What's the best way of doing dos2unix on a 500

2019-01-25 14:43发布

问题:

Question says it all, I've got a 500,000 line file that gets generated as part of an automated build process on a Windows box and it's riddled with ^M's. When it goes out the door it needs to *nix friendly, what's the best approach here, is there a handy snippet of code that could do this for me? Or do I need to write a little C# or Java app?

回答1:

Here is a Perl one-liner, taken from http://www.technocage.com/~caskey/dos2unix/

#!/usr/bin/perl -pi
s/\r\n/\n/;

You can run it as follows:

perl dos2unix.pl < file.dos > file.unix

Or, you can run it also in this way (the conversion is done in-place):

perl -pi dos2unix.pl file.dos

And here is my (naive) C version:

#include <stdio.h>

int main(void)
{
   int c;
   while( (c = fgetc(stdin)) != EOF )
      if(c != '\r')
         fputc(c, stdout);
   return 0;
}

You should run it with input and output redirection:

dos2unix.exe < file.dos > file.unix


回答2:

If installing a base cygwin is too heavy, there are a number of standalone dos2unix and unix2dos Windows standalone console-based programs on the net, many with C/C++ source available. If I'm understanding the requirement correctly, either of these solutions would fit nicely into an automated build script.



回答3:

If you're on Windows and need something run in a batch script, you can compile a simple C program to do the trick.

#include <stdio.h>

int main() {
    while(1) {
        int c = fgetc(stdin);

        if(c == EOF)
            break;

        if(c == '\r')
            continue;

        fputc(c, stdout);
    }

    return 0;
}

Usage:

myprogram.exe < input > output

Editing in-place would be a bit more difficult. Besides, you may want to keep backups of the originals for some reason (in case you accidentally strip a binary file, for example).

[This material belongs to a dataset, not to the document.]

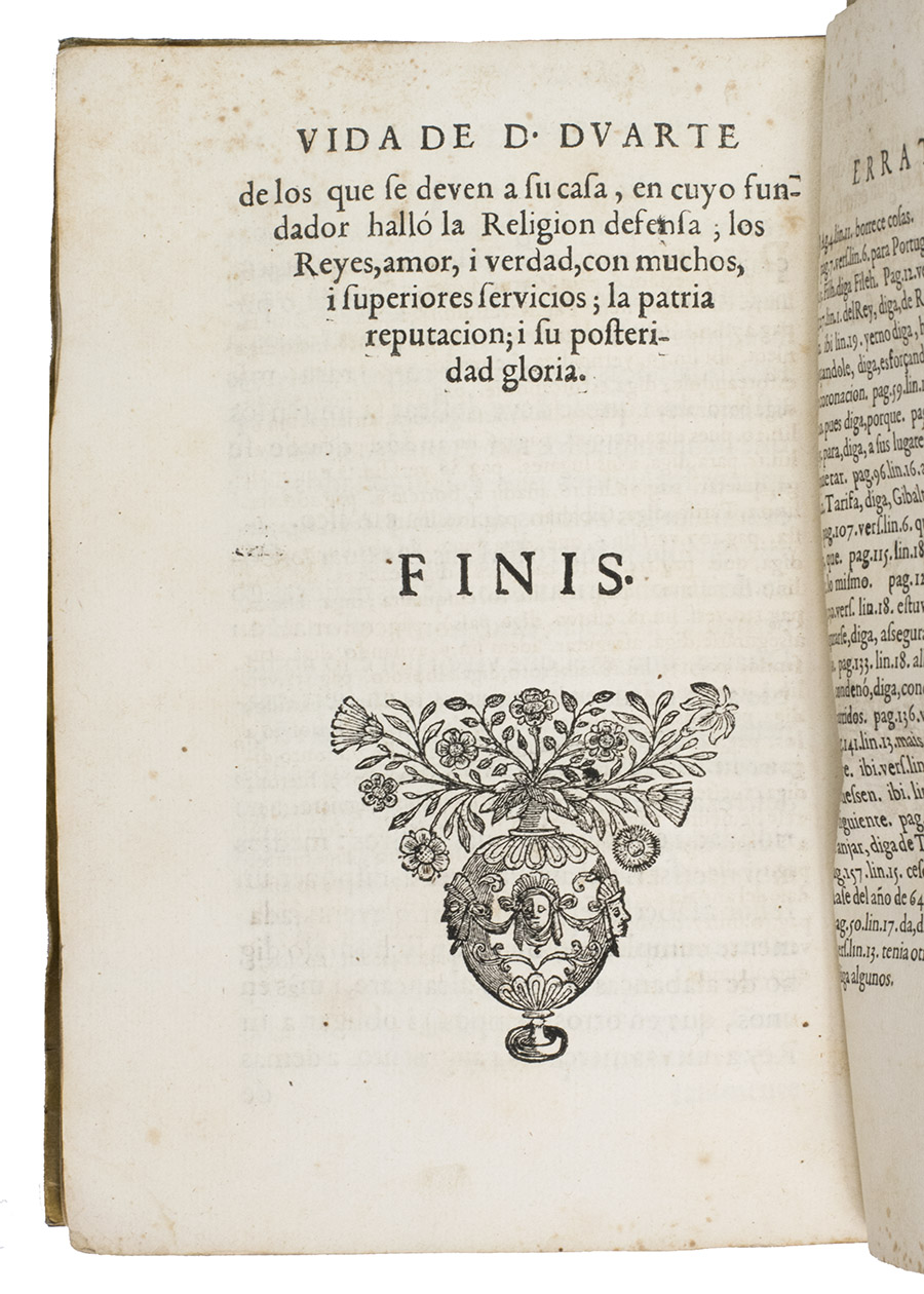 Lisbon, Pedro Craesbeeck, 1627. 4to. With 3 woodcut tailpieces and 11 woodcut initials (at least 6 series). Later limp sheepskin parchment, with remnants of ties. [5], 167, [3] ll.
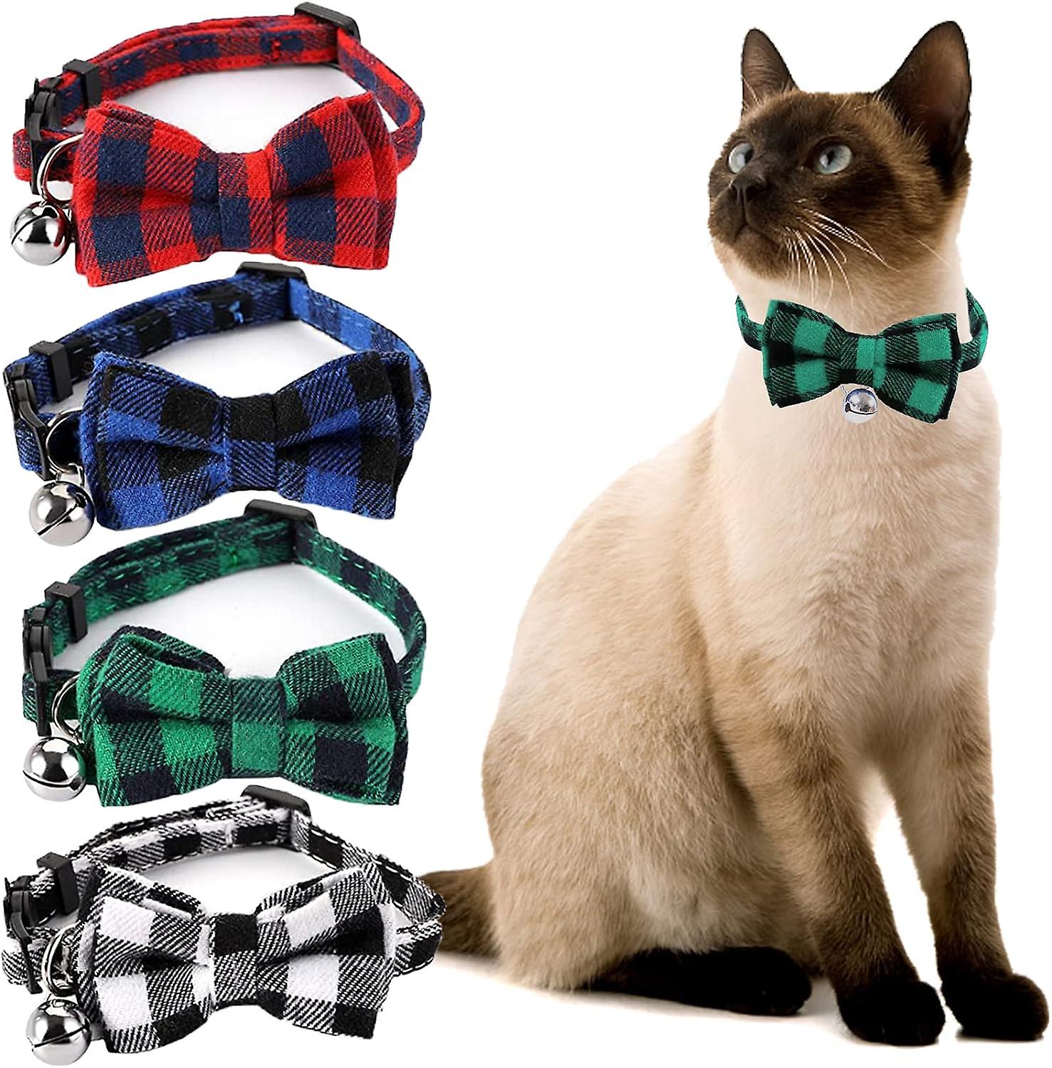 4-pack Cute Plaid Cat Collar With Bell And Bow Tie - Adjustable Tartan Pet Collars

That version removes all CR characters; if you only want to remove the ones that are in a CR-LF pair, you can use (this is the classic one-character-back method :-):

/* XXX Contains a bug -- see comments XXX */

#include <stdio.h>

int main() {
    int lastc = EOF;
    int c;
    while ((c = fgetc(stdin)) != EOF) {
        if ((lastc != '\r') || (c != '\n')) {
            fputc (lastc, stdout);
        }
        lastc = c;
    }
    fputc (lastc, stdout);
    return 0;
}

You can edit the file in-place using mode "r+". Below is a general myd2u program, which accepts file names as arguments. NOTE: This program uses ftruncate to chop off extra characters at the end. If there's any better (standard) way to do this, please edit or comment. Thanks!

#include <stdio.h>

int main(int argc, char **argv) {
    FILE *file;

    if(argc < 2) {
        fprintf(stderr, "Usage: myd2u <files>\n");
        return 1;
    }

    file = fopen(argv[1], "rb+");

    if(!file) {
        perror("");
        return 2;
    }

    long readPos = 0, writePos = 0;
    int lastC = EOF;

    while(1) {
        fseek(file, readPos, SEEK_SET);
        int c = fgetc(file);
        readPos = ftell(file);  /* For good measure. */

        if(c == EOF)
            break;

        if(c == '\n' && lastC == '\r') {
            /* Move back so we override the \r with the \n. */
            --writePos;
        }

        fseek(file, writePos, SEEK_SET);
        fputc(c, file);
        writePos = ftell(file);

        lastC = c;
    }

    ftruncate(fileno(file), writePos); /* Not in C89/C99/ANSI! */

    fclose(file);

    /* 'cus I'm too lazy to make a loop. */
    if(argc > 2)
        main(argc - 1, argv - 1);

    return 0;
}


回答4:

tr -d '^M' < infile > outfile

You will type ^M as : ctrl+V , Enter

Edit: You can use '\r' instead of manually entering a carriage return, [thanks to @strager]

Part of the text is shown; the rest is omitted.